Canada’s NCP concluded that China Gold’s failure to participate in the NCP consultations process will be “taken into consideration in any applications by the Company for enhanced advocacy support from the Trade Commissioner Service and/or Export Development Canada (EDC) financial services, should they be made.” This decision means that in the future China Gold will likely be ineligible for official letters of support, commercial advocacy in foreign markets, and participation in government trade missions. The decision represents the first time Canada’s NCP has imposed such sanctions under Canada’s enhanced Corporate Social Responsibility Strategy for the Canadian Extractive Sector (CSR Strategy). (For a prior Arent Fox alert on Canada’s new CSR Strategy, click here).
As the China Gold sanctions show, extractive companies working in or out of Canada should be familiar with the OECD Guidelines consultation process (also known as the “specific instance” process) and the consequences of non-participation in that process in light of Canada’s new CSR Strategy.
What is the OECD “Specific Instance” Process?
Each country that adheres to the OECD Guidelines must establish a National Contact Point to facilitate the resolution of complaints arising under the OECD Guidelines in specific circumstances. The OECD Guidelines are voluntary principles and standards of responsible business conduct that cover a wide range of issues, including human rights, employment and industrial relations, environment, anti-corruption, and consumer interests. Any interested party that wants to address the business practices of multinational enterprises operating in or from the adhering country’s territory may submit a “specific instance” request to the responsible NCP. The NCP then assesses the merits of the request, seeks to facilitate a resolution of the matter, and issues a final report on the outcome.
In the situation involving China Gold, the Canada Tibet Committee (Committee) submitted a “specific instance” request on behalf of a group of affected communities to Canada’s NCP seeking a review of the company’s mining practices in the Gyama Valley of Tibet. The Committee alleged, among other things, that China Gold’s labor and employment and health and safety practices fell short of the OECD Guidelines, particularly in connection with the death of 83 mine workers living in a mining camp.

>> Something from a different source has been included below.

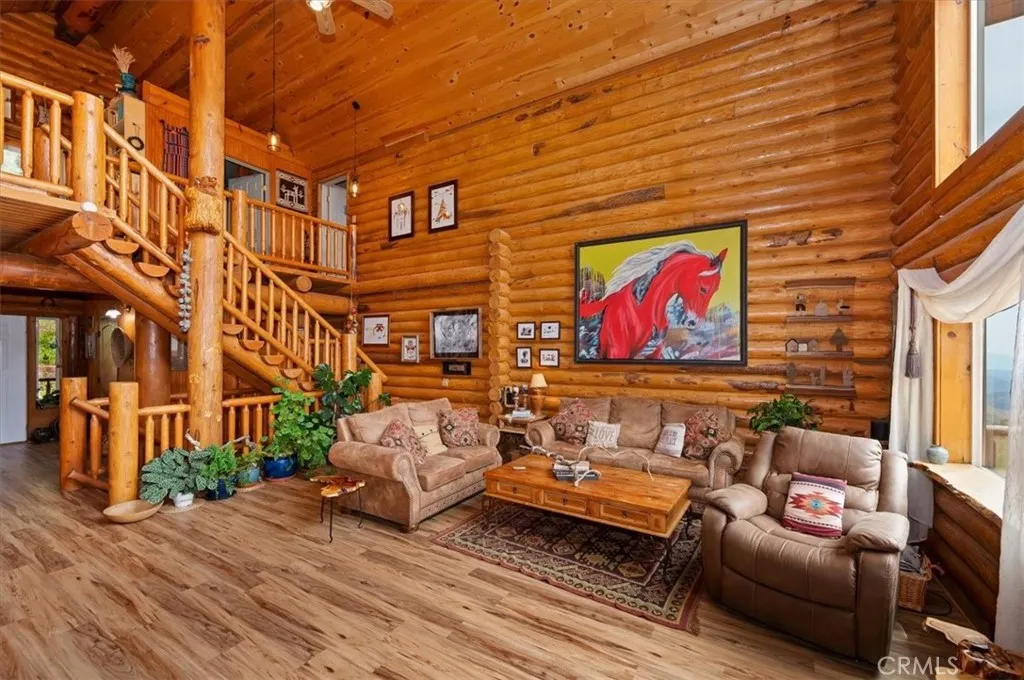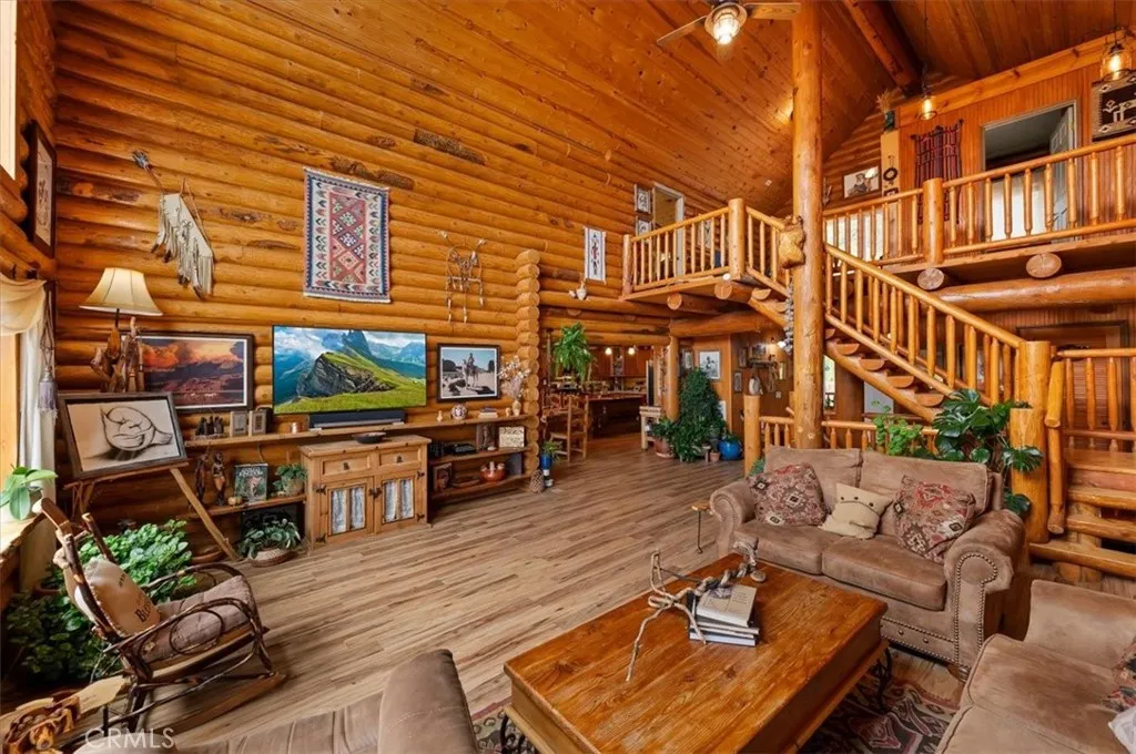 Escape to the mountains in this stunning 3,000 sq ft authentic log cabin, perfectly set on an oversized, forested 1/3-acre lot. Surrounded by towering pines and breathtaking natural beauty, this home delivers the ultimate blend of rustic charm and modern comfort. ~ Step inside to a spectacular great room featuring soaring two-story ceilings and dramatic floor-to-ceiling windows that flood the space with natural light and showcase the serene forest views. The impressive kitchen is designed to gather and entertain, complete with custom cabinetry and upgraded finishes that make every meal feel special. ~ The main-level master suite offers a peaceful retreat, while the lower level is built for fun and relaxation with a spacious game room, guest bedroom, and full bath. Upstairs, you’ll find two additional guest rooms and another full bath—plenty of space for family and friends. ~ Whether you're hosting a full house or enjoying a quiet getaway, this home invites everyone to experience the best of mountain living—endless hiking, bird-watching, wildlife sightings, and the calming beauty of nature right outside your door. ~ All of this on a plowed & maintained road, public utilities and high-speed internet. Room for everyone. Views that inspire. A lifestyle you won’t want to leave.

What are the Consequences of Not Participating in the Specific Instance Process?
Because an NCP’s final report is typically made public, a company’s failure to participate in the “specific instance” process is likely to be known widely and may result in reputational harm. Failure to participate in Canada’s “specific instance” process in particular may have additional consequences. Under Canada’s enhanced CSR Strategy, companies that fail to participate in Canada’s “specific instance” process will be denied support by the Canadian government in foreign markets.
China Gold’s recent failure to participate in the OECD “specific instance” process triggered sanctions under Canada’s enhanced CSR Strategy for the first time. In particular, Canada’s NCP concluded that China Gold’s conduct would be taken into consideration in any future applications by the company for government advocacy services. Canada’s NCP stated: “As the goal of both the NCP and the CSR Strategy is to encourage improvement in terms of a company’s use and integration of CSR best practices, should the Company [China Gold] wish to be able to access future [advocacy] support of this type, they will need to submit a Request for Review to the NCP, or show good-faith dialogue with the [petitioner].”
Increasingly, the business practices of multinationals are coming under scrutiny through the “specific instance” processes of countries like Canada that adhere to the OECD Guidelines. The sanctions against China Gold demonstrate that a multinational’s failure to participate in Canada’s “specific instance” process may result in significant consequences.